Claudia and I feel extremely lucky that the great volunteers at the Shelter recommended Zuuli to us, and kept him sane during the long months in his kennel. Azul is a prime example of a dog that many people took a long look at but rejected, mostly because of his exuberance during his few "unlocked" times. He undoubtedly suffered a lot of neglect and loneliness in his early life, but like many pit bulls, his adaptability and gameness has given him the heart to leap into his new life with enthusiasm! Whether he is belly-crawling in the morning to elicit butt scratches, romping with our daughter's pit, sitting politely while kids scratch his ears, or gazing in shop windows at the stuffed play toys, he is always funny and looking for something new to do!

Wednesday, November 3, 2010

Max takes the express route to a home

The longer a dog is at the shelter, the more popular the dog becomes with the volunteers. And let's face it, some of our dogs have managed to become VERY popular. However, let's not forget the dogs whose stay at the shelter is a short one.

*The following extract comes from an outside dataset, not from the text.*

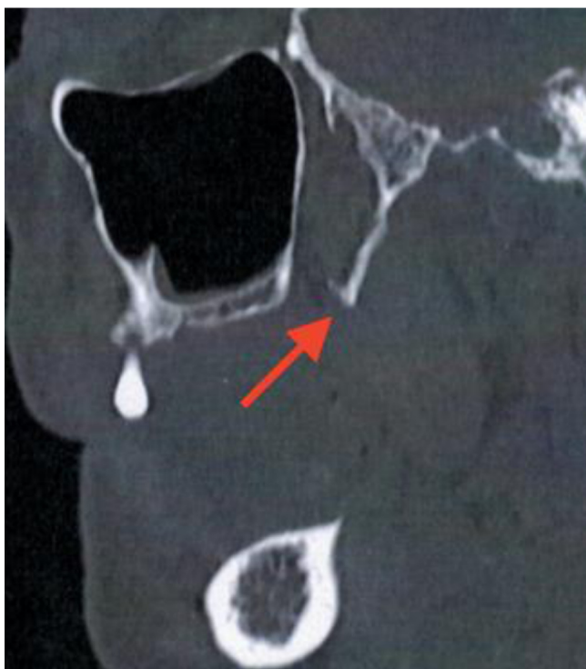
Fig. 2. Hypertrophy of the pterygoid hamulus (red arrow) on the computerized tomography – scan (para-sagittal section).

the sphenoid bone. It is medially bypassed by the tendon of the tensor veli palatini muscle that connects to the fascia of the veli. This tendon is covered with a bursa, whose main function is to decrease the friction exerted on the hamular process by

Max was a puppy left in one of our night boxes. He was at the shelter only briefly before finding a home with volunteer Nancy Evans and her family. I don't think he even made it to our Facebook page or the adoption websites, but this guy would have had a lot of fans at the shelter! It's great to see him go right to a good home though, especially since he was so young when he arrived.

Here is a report and a few pictures from Nancy. Looks like nothing in the house is safe!

The scared little puppy left in a BACS night box is now a fully accredited member of the Evans household. Max (a baby of 8 weeks) had foxtails deeply embedded in both ears and one eye, causing infections, but thanks to BACS, University Vet, and good home care, he recovered fully. Max loves using the kitty door, which made housetraining super easy. He also sleeps thru the night, a blessing for any new parent, and uses his crate for naps. Max’s preferred activities are sleeping, shredding, and playing. (Despite kidnapping quite a few shoes, he actually only chews the ends of the shoelaces.) Max and the boys, ages 6 and 8, are learning to treat each other with love and respect, and having a great time.